Repeat exactly the lines of the records below, starting at the line containing "本期为老师们带来的是2026" and ending at the line containing "3、然后就會(huì)在框起". Leave the pictures out.

_Available data_
□ □ □ □ □ □ □
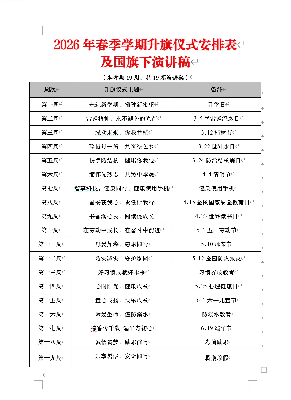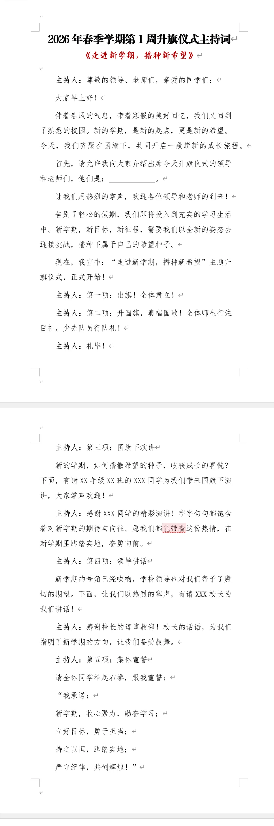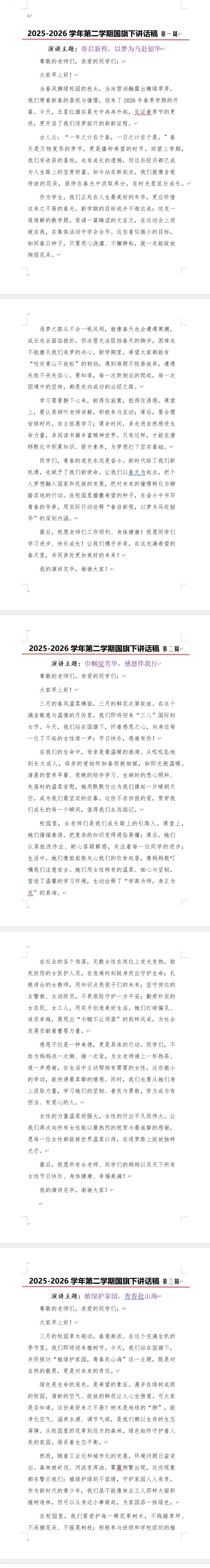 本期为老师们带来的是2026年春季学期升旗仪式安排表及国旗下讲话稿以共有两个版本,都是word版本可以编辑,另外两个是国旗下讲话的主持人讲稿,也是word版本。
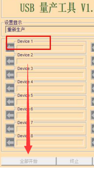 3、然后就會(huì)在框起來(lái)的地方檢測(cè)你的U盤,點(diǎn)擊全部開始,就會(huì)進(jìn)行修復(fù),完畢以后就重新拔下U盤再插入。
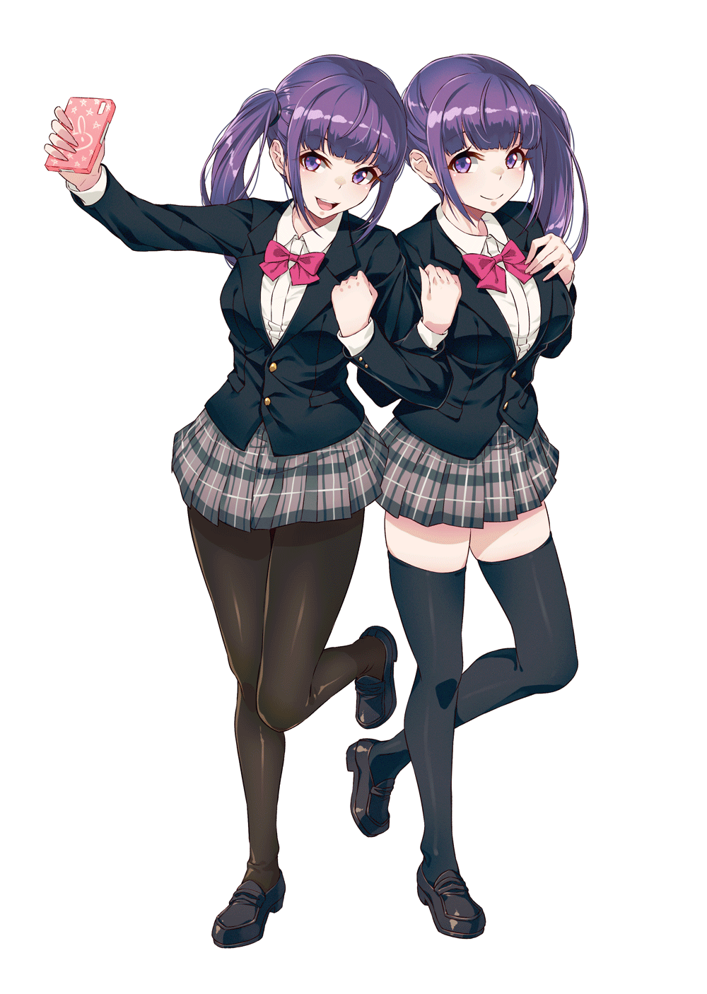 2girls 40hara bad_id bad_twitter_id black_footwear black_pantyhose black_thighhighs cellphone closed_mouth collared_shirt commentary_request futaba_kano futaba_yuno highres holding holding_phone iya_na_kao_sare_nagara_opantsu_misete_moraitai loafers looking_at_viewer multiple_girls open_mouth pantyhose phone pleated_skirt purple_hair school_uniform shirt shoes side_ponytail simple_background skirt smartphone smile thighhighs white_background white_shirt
□ □ □ □ □ □ □
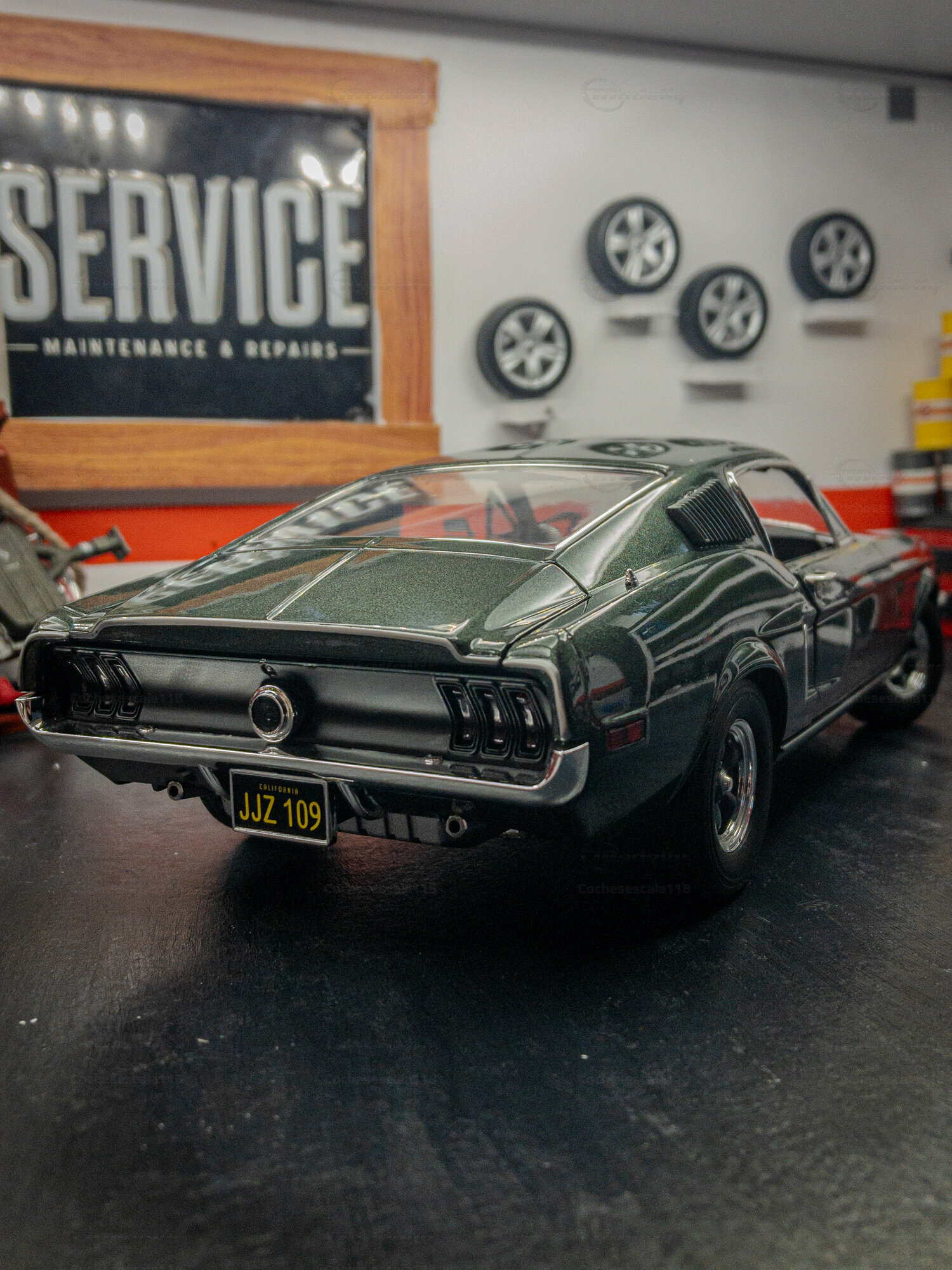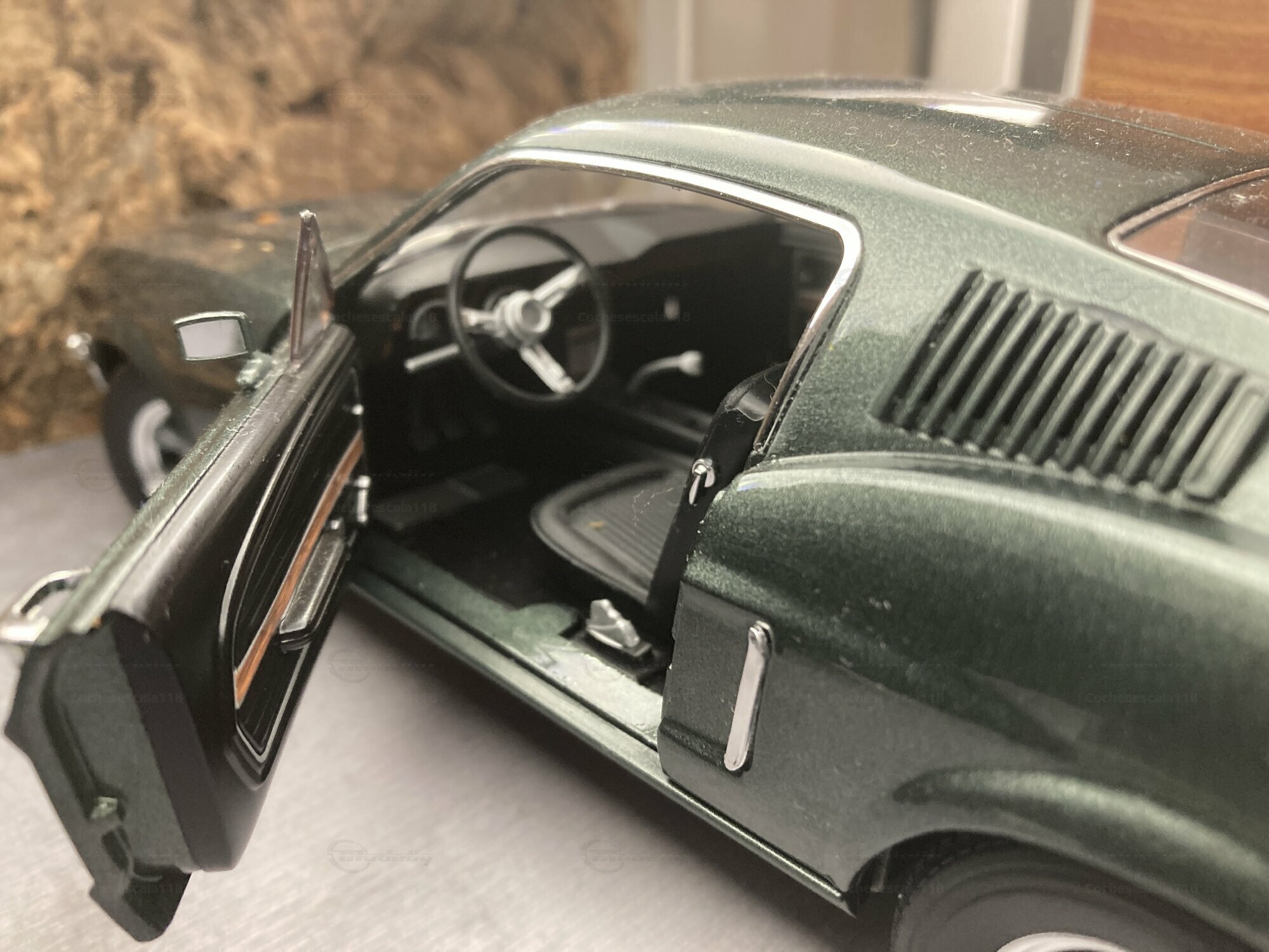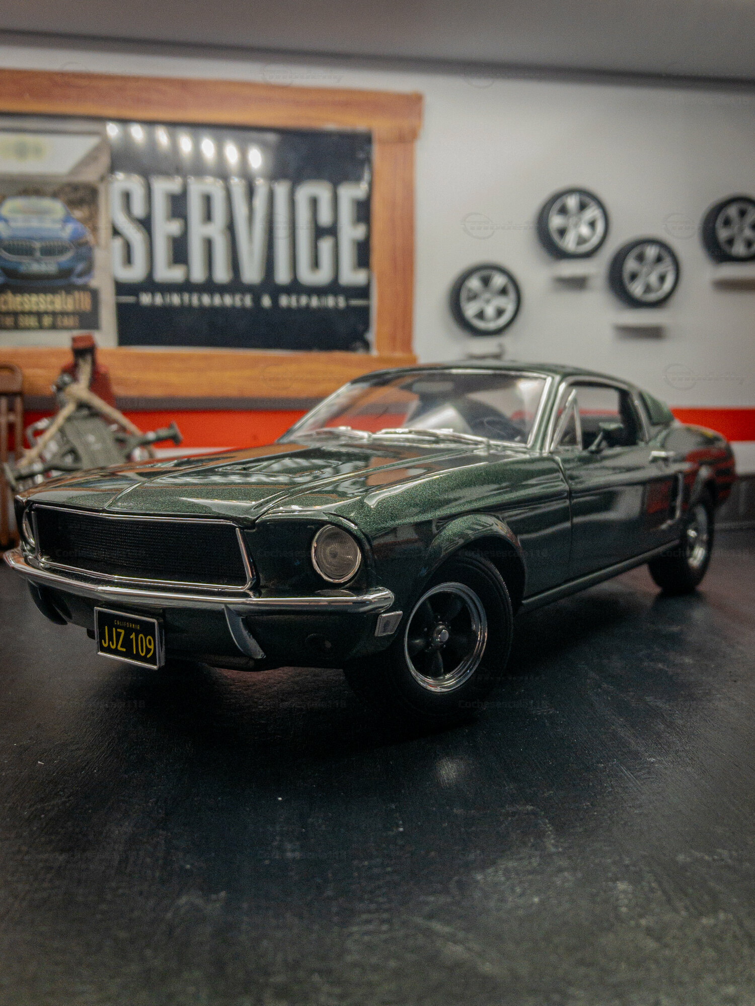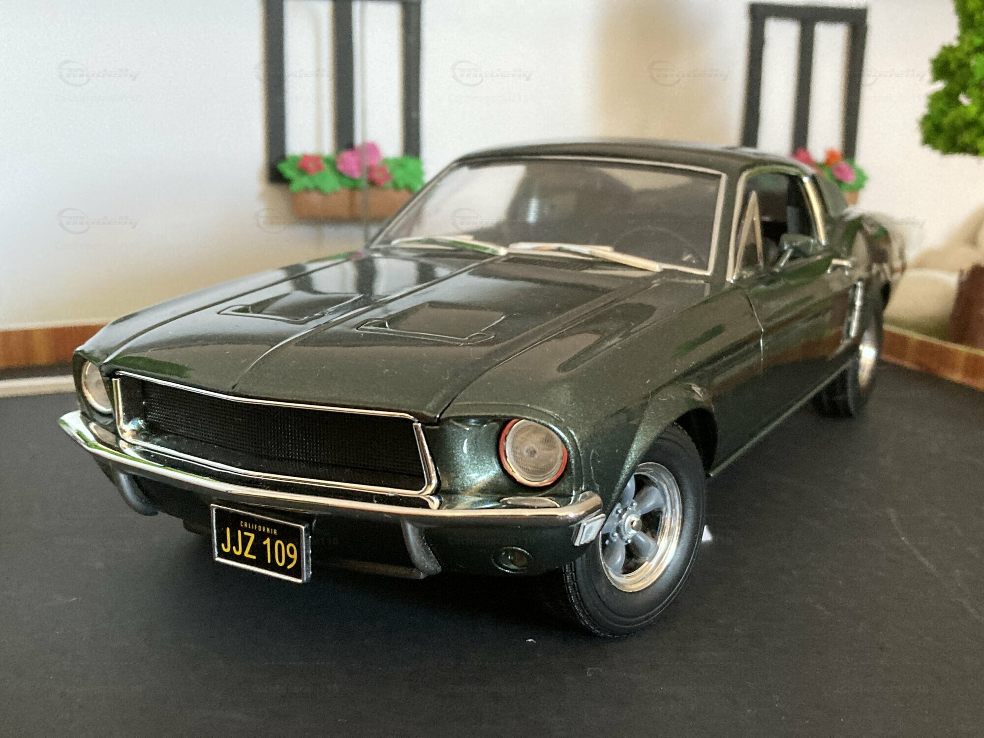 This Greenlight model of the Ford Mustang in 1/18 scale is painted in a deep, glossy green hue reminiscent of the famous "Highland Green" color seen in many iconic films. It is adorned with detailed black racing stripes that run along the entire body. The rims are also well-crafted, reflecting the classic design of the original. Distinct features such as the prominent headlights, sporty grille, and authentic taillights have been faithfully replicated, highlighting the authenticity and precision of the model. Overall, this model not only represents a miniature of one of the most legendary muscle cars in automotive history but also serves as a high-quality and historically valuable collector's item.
□ □ □ □ □ □ □
_Answer space_
 本期为老师们带来的是2026年春季学期升旗仪式安排表及国旗下讲话稿以共有两个版本,都是word版本可以编辑,另外两个是国旗下讲话的主持人讲稿,也是word版本。
 3、然后就會(huì)在框起來(lái)的地方檢測(cè)你的U盤,點(diǎn)擊全部開始,就會(huì)進(jìn)行修復(fù),完畢以后就重新拔下U盤再插入。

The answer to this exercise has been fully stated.